Start of Block

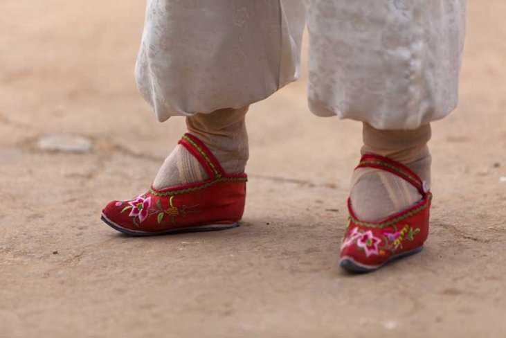 До начала-середины ХХ века женщины в Китае были вынуждены уродовать свои ноги ради того, чтобы быть желанными и выйти замуж. Эта чудовищная традиция настолько долго существовала в жизни Китая, что с корнями вросла в культуру страны. Откуда же берет своё начало это зверство? Одна из теорий гласит, что у одной из наложниц императора Сяо Баоцзюань были крошечный ножки. Она часто танцевала босиком на зольном помосте, украшенном жемчугом, где были изображены лотосы. Правитель был настолько восхищён, что воскликнул: «От её прекрасных ножек распускаются лотосы!». С того времени забинтованную и деформированную женскую ножку называли «золотым лотосом», она считалась первым признаком женственности и чувственности, а также подчеркивали слабость и хрупкость женского пола. Идеальная нога не могла быть длиннее 7 сантиметров. Тем самым, женщина становилась задолжницей своего тела, не имела возможности свободно передвигаться, становилась «рабыней» своего мужчины. Бинтовать начинали в возрасте 5-
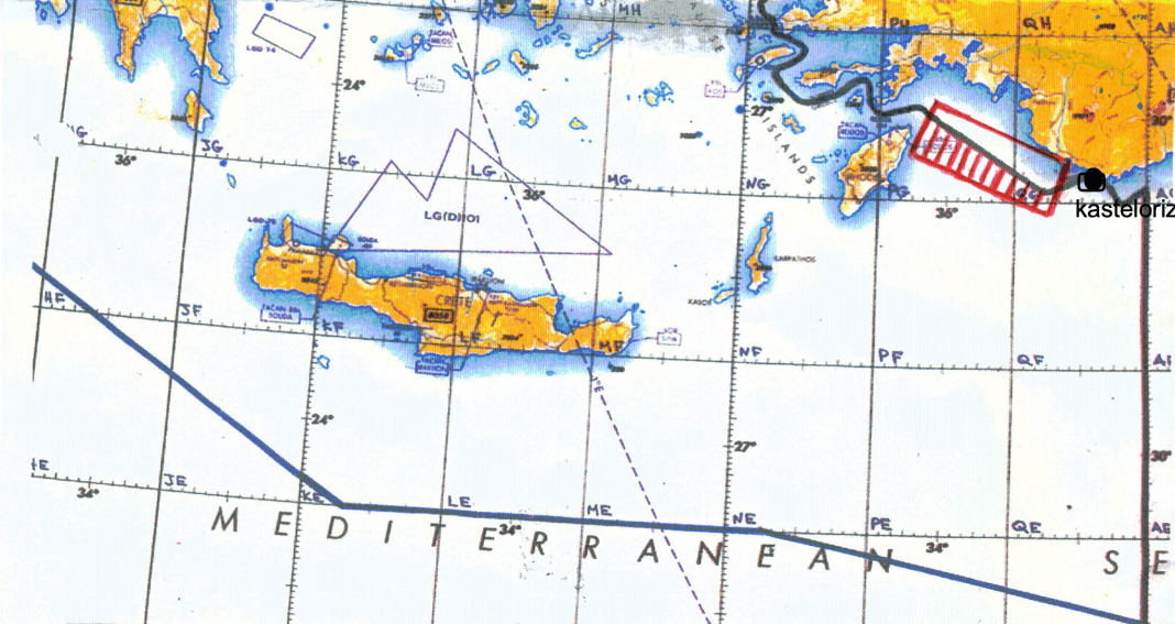 Η περιοχή στο χάρτη αποκόπτει κάθε επικοινωνία Ρόδου- Μεγίστης ακόμα και γιαμεταφορά ασθενών με πλοίο , ελικόπτεροή αεροπλάνο, διότι τα τουρκικά πυρά είναι μέχρι και τα 30.000 πόδια, ενώ οι αεροδιάδρομοι της εναέριας κυκλοφορίας από την Ευρώπη προς Μέση Ανατολή και αντίστροφα αχρηστεύονται λόγω των τουρκικών πυρών μέχρι τα 30.000 πόδια.
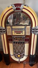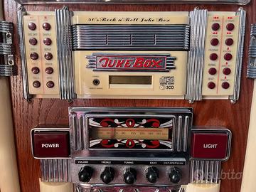 JUKE-BOX stereo-radio e CD in legno con luci incorporate quando è acceso Misure: larghezza 55cm - altezza 102 cm. - profondità 28 cm.

End of Block

▶ AIM OF THE EXERCISE
Reproduce, exactly and with no pictures, the lines from the line containing "Η περιοχή στο" through the closing line of the data above, keeping both ends.

▶ RESPONSE TO THIS EXERCISE
 Η περιοχή στο χάρτη αποκόπτει κάθε επικοινωνία Ρόδου- Μεγίστης ακόμα και γιαμεταφορά ασθενών με πλοίο , ελικόπτεροή αεροπλάνο, διότι τα τουρκικά πυρά είναι μέχρι και τα 30.000 πόδια, ενώ οι αεροδιάδρομοι της εναέριας κυκλοφορίας από την Ευρώπη προς Μέση Ανατολή και αντίστροφα αχρηστεύονται λόγω των τουρκικών πυρών μέχρι τα 30.000 πόδια.
 JUKE-BOX stereo-radio e CD in legno con luci incorporate quando è acceso Misure: larghezza 55cm - altezza 102 cm. - profondità 28 cm.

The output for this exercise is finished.